▸ **Your assignment**
Repeat every entry exactly. Do not include the pictures.

─── Working data ───

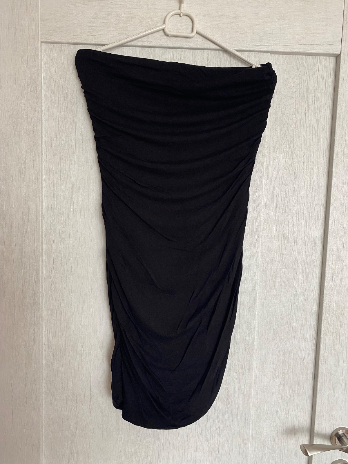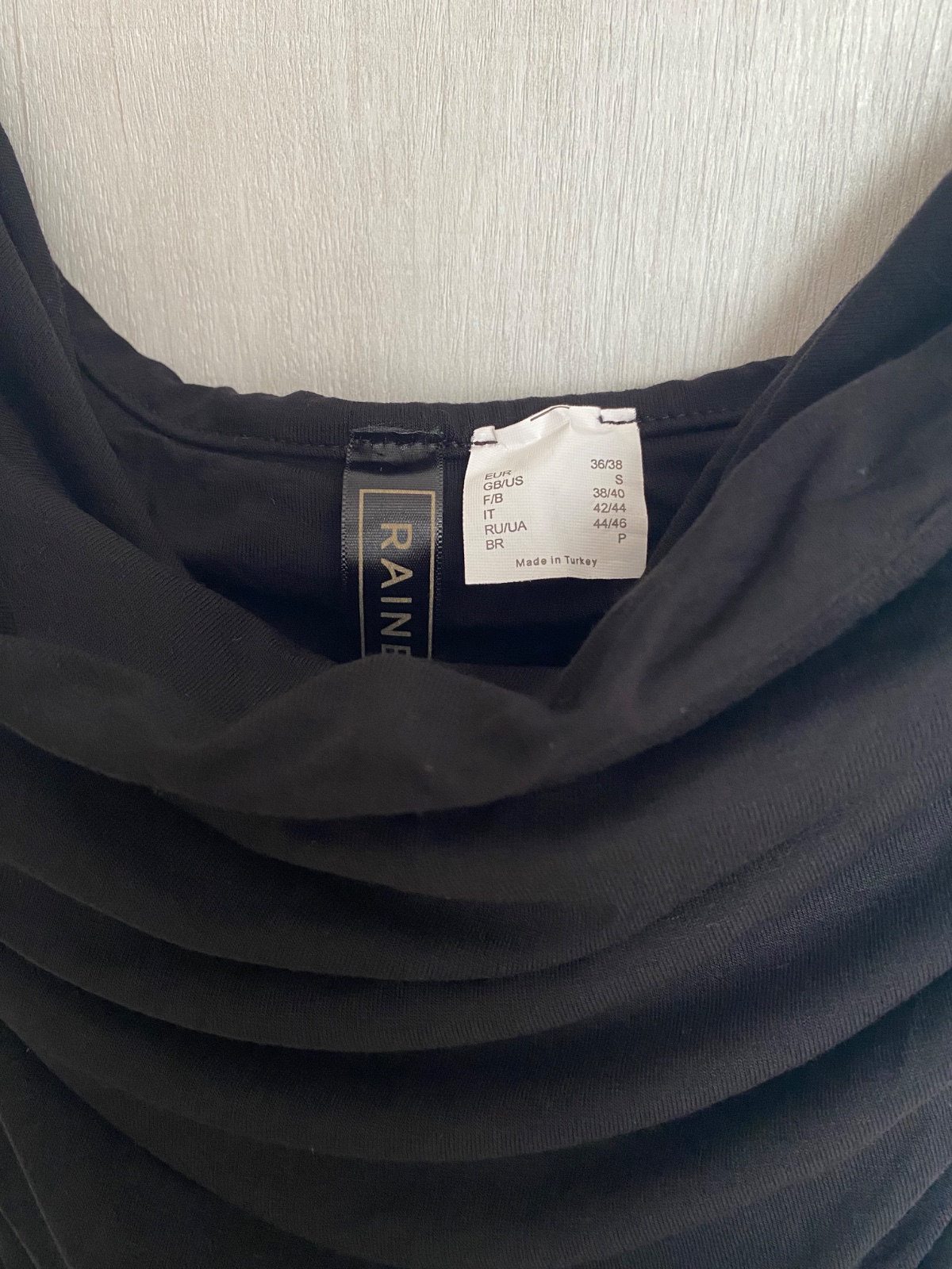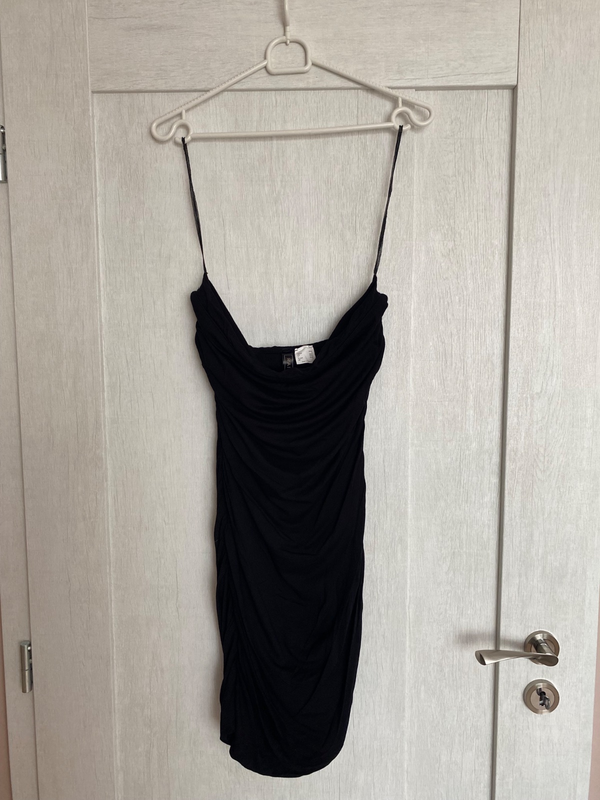 Malé čierne jednoduché šaty, 3/4 rukáv. Materiál: 95% viskóza, 5% elastan. Hlboký výstrih v zavinovacom vzhľade, malé riasenie na boku, strih zvýrazňujúci postavu. Elastický materiál. Nosené be...
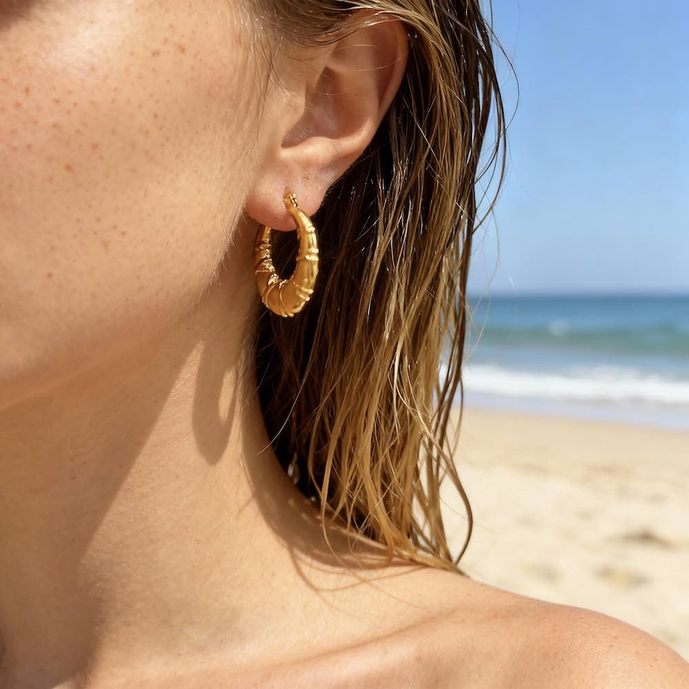 Sól, chlor i pot mogą z czasem osadzać się na biżuterii. Po intensywnym dniu po prostu przemyj ją wodą z łagodnym mydłem i osusz miękką ściereczką.
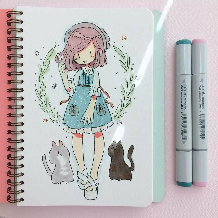 Рисунки для скетчбука в стиле кавай
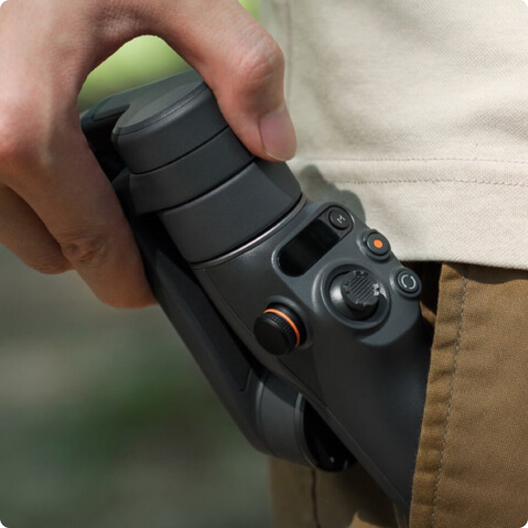 Its intuitive Quick Launch and magnetic phone clamp system make setup fast and seamless, while the ergonomic handle and tactile control wheel put video controls at your fingertips. With the DJI Mimo app integration, you can access creative templates, edit footage, and share directly to social media.
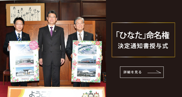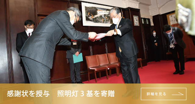 ひなた宮崎県総合運動公園のネーミングライツ・スポンサーである米良電機産業(株)は、照明灯3基を公園内に寄贈したとして、河野俊嗣宮崎県知事様から感謝状をいただきました。
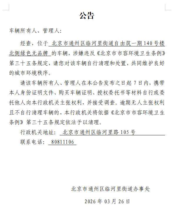 北京市通州区临河里街道办事处废弃非机动车公告51

───

▸ **Reply**
 Malé čierne jednoduché šaty, 3/4 rukáv. Materiál: 95% viskóza, 5% elastan. Hlboký výstrih v zavinovacom vzhľade, malé riasenie na boku, strih zvýrazňujúci postavu. Elastický materiál. Nosené be...
 Sól, chlor i pot mogą z czasem osadzać się na biżuterii. Po intensywnym dniu po prostu przemyj ją wodą z łagodnym mydłem i osusz miękką ściereczką.
 Рисунки для скетчбука в стиле кавай
 Its intuitive Quick Launch and magnetic phone clamp system make setup fast and seamless, while the ergonomic handle and tactile control wheel put video controls at your fingertips. With the DJI Mimo app integration, you can access creative templates, edit footage, and share directly to social media.
 ひなた宮崎県総合運動公園のネーミングライツ・スポンサーである米良電機産業(株)は、照明灯3基を公園内に寄贈したとして、河野俊嗣宮崎県知事様から感謝状をいただきました。
 北京市通州区临河里街道办事处废弃非机动车公告51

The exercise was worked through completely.